When conduct, relationship, death, and love are reintegrated into this quality of attention, religion becomes whole. It is no longer compartmentalized—an hour on Sunday, a set of rules about behavior—but pervasive. The person lives from a state of inquiry rather than conformity.
How Does Psychological Conditioning Obscure Truth?
Krishnamurti emphasizes that conditioning is not something imposed from outside only; it is internalized. A person raised within a religious tradition does not simply obey external authority; they have absorbed the tradition into their own cognitive structure. The beliefs become "me," and questioning them feels like self-destruction.
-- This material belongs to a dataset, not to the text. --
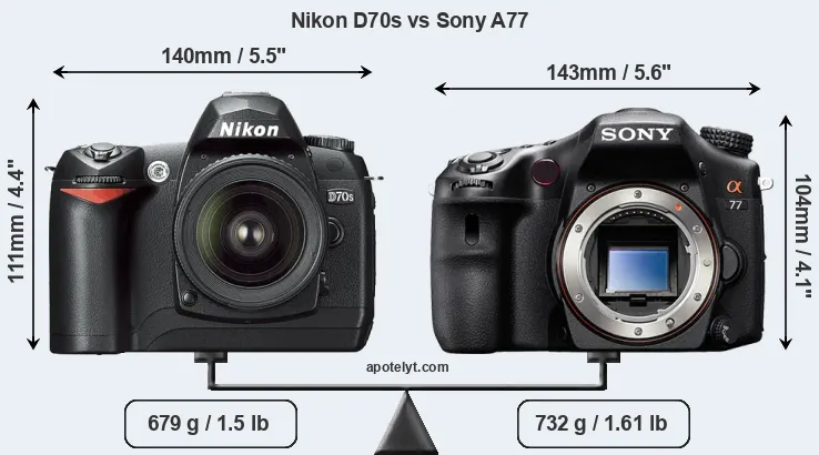 The side-by-side display below illustrates the physical size and weight of the Nikon D70s and the Sony A77. The two cameras are presented according to their relative size. Three consecutive views from the front, the top, and the rear side are shown. All width, height and depth measures are rounded to the nearest millimeter.

This is the insidious power of conditioning: it makes inherited frameworks feel like one's own deepest convictions.
Freeing oneself requires recognizing the mechanism. It means observing how one's ideas about identity, truth, and reality are not original discoveries but received patterns. This observation is not accomplished through another ideology or technique but through direct seeing—watching how the mind operates when faced with a question that challenges the framework.
The person conditioned within a tradition may experience the world as confirming that tradition because the lens of interpretation is already in place. A miracle becomes proof of doctrine; suffering becomes a sign of karmic justice; beauty becomes evidence of divine creation. Each experience is sorted into categories that the inherited framework has provided. The possibility of perception outside this system seems impossible, even mad.
What Causes the Degeneracy of Modern Society and Religion?
Krishnamurti identifies a deeper cause beneath the symptoms of mechanical living and institutional decay. When human beings stop inquiring and start merely functioning—when they prioritize efficiency, conformity, and the repetition of received knowledge over curiosity—the entire social organism degenerates. Religion becomes a repository of rules rather than a regenerative practice. Art becomes decoration. Ethics become compliance with external codes.
This degeneracy is not accidental or external. It flows from the human being's abdication of responsibility for understanding. It is easier to obey than to investigate, easier to believe than to face uncertainty. Institutions arise to offer this comfort and to enforce it. The person who asks hard questions becomes dangerous to the system; the person who accepts is safe and rewarded.
Moral and cultural decay follows inevitably when this pattern dominates. A society of people who do not inquire, who are not in direct relationship with reality, who have divorced conduct from genuine understanding—such a society cannot regenerate itself. It can only decline into more sophisticated forms of the same mechanical living.
Where to Go From Here
Krishnamurti does not offer a program or a set of practices to adopt. His inquiry points toward individual responsibility. Each person must examine their own conditioning—not to replace it with a new ideology but to become free from the necessity of any inherited framework. This examination requires honesty: facing the moments when we claim knowledge we do not possess, recognizing how we experience the world through filters we did not choose, observing our attraction to authority and our fear of genuine uncertainty.
From this clarity, a different kind of religion becomes possible. Not a belief system but a way of attending to life that is awake, curious, and undivided. Not a structure one obeys but a quality of consciousness one embodies. This is not a goal to achieve in the future but a capacity available now, whenever the mind is willing to set aside its pretenses and truly perceive.